Thursday, October 2

In this second part, GODFREY GEORGE digs into the facts: sobering statistics, abandoned policies, delayed reforms, and the staggering gap between public infrastructure and private alternatives. With Nigeria losing up to several lives daily and response time in Lagos far below global standards, to treatable emergencies, the stakes could not be higher

WHO guidelines
In May 2019, the World Health Assembly passed a resolution unanimously recognising the critical role that emergency care systems play in preventing death and disability from acute illnesses and injuries.

While many low- and middle-income countries, including Nigeria, acknowledge the importance of emergency care, they continue to face significant challenges in developing these systems.

Historically, limited resources have been prioritised toward combating infectious diseases and addressing maternal and child health, often leaving emergency services underdeveloped.

Universal health coverage, which ensures access to quality healthcare services without financial hardship, remains a key objective for countries looking to strengthen their emergency care systems.

Yet, Nigeria’s health system has long struggled to meet the needs of its growing population, despite improvements in economic indicators.

Between 2000 and 2019, Nigeria’s gross domestic product per capita rose from $568 to $2,230.

However, its healthcare delivery still lags.

Globally, Nigeria ranks 142nd out of 195 countries in terms of healthcare access and quality.

One of the critical challenges facing the country is the mass exodus of trained healthcare professionals. Nigeria continues to experience one of the highest rates of medical brain drain in the world. The nation’s healthcare infrastructure remains inadequate.

Estimates suggest that over half of all deaths in low- and middle-income countries could be prevented through effective emergency care.

In Nigeria, this could mean saving up to one million lives each year, about 3,000 lives daily.

Despite this staggering potential, emergency departments in the country are often run by providers without any formal training in emergency medicine, as there are currently no nationally recognised postgraduate programmes in the specialty.

Roughly 10 to 15 per cent of Nigeria’s 1.6 million annual deaths are believed to occur within emergency departments.

Lagos is one of the few states that has a public ambulance transport system, but many stakeholders have said some of the vehicles are not functional.

Even when ambulances are operational, navigating the city’s traffic-choked roads poses a major obstacle to timely emergency response.

While healthcare professionals have written extensively about the shortcomings of the Nigerian emergency care system and proposed possible solutions, these perspectives rarely include the views of the general public.

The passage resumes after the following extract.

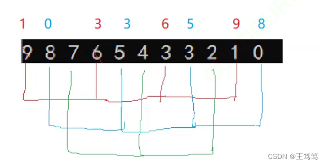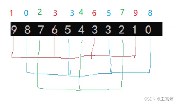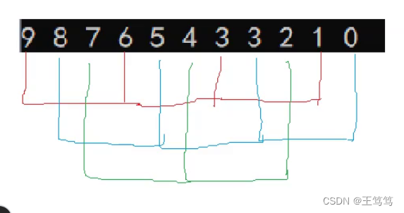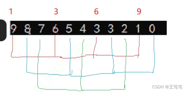 可以看到gap为三时,红色线标注的9,6,3,1为一组数;蓝色线标注的8,5,3,0为一组数,最后用绿色线标注的7,4,2为一组数;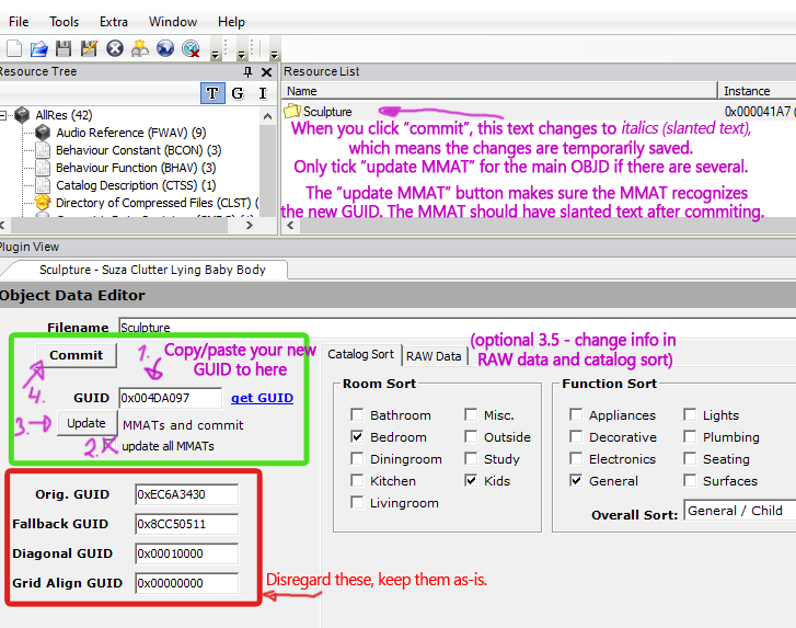 If there are multiple OBJDs, you should assign new GUIDs to all of them, but ONLY do the MMAT step for the main OBJD/GUID. If the item already has a MMAT, and if you haven't already done anything, you can find the main GUID in the MMAT. If not, it's usually the one without any numbers/letters by the OBJD name.

The experts have averred that incorporating feedback from the wider community may offer a more inclusive and effective approach, enabling policymakers to develop emergency care solutions that align with the needs, values, and expectations of the people they serve.

‘LASAMBUS saved my life’
The day Ifeoma lost her newborn, she also found something extraordinary. Not in the bleak hospital corridors of the Nigerian Air Force Base in Lagos, where panic had overwhelmed the medical team, nor in the lifeless stillness of the neonatal ward.

She found it in the blare of sirens and the sudden rush of breath that arrived just in time, but perhaps not early enough.

They saved my life,” she says now, her voice even but weighted. “I had been in labour for hours, and it was not progressing. The baby was becoming distressed and had passed out meconium, which is the first faeces produced by a newborn. There was a need for an emergency caesarean section, but I was told the surgeon was not available. I was already placed on oxygen, and a referral was needed. Sadly, the Air Force Base hospital didn’t have an ambulance equipped with oxygen to take me to another advanced facility. I was crashing. The baby was fading fast.”

Ifeoma, a media expert who has reported health for years, recalls placing one desperate call. Within five minutes, the Lagos State Ambulance Services, known popularly as LASAMBUS, had arrived.

“I remember the blue and white ambulance, gleaming even in the haze of my panic. They came with everything – oxygen, monitors and trained personnel. They stabilised me. They drove me to Isolo General Hospital. They didn’t just save me. They stayed. They waited. They made sure I was alright.”

Her baby didn’t make it. But LASAMBUS did.

A system that worked
In its heyday, Lagos State Ambulance Services was a model of public health responsiveness.

First introduced during the tenure of then-Governor Babatunde Fashola and strengthened under his successor Akinwunmi Ambode, LASAMBUS was more than just a fleet of emergency vehicles; it was a lifeline.

Strategically stationed across the state and seamlessly integrated with LASEMA, the service represented a rare feat: a state healthcare infrastructure that worked.

“When you saw LASEMA, you saw LASAMBUS,” says Ifeoma. “There was no delay. There was coordination. In road accidents, in childbirth emergencies, in critical trauma cases, they were there. You’d barely call before hearing the siren.”

And for a time, it made a tangible difference. Stakeholders in Lagos health circles frequently pointed to the system as an example of life-saving governance.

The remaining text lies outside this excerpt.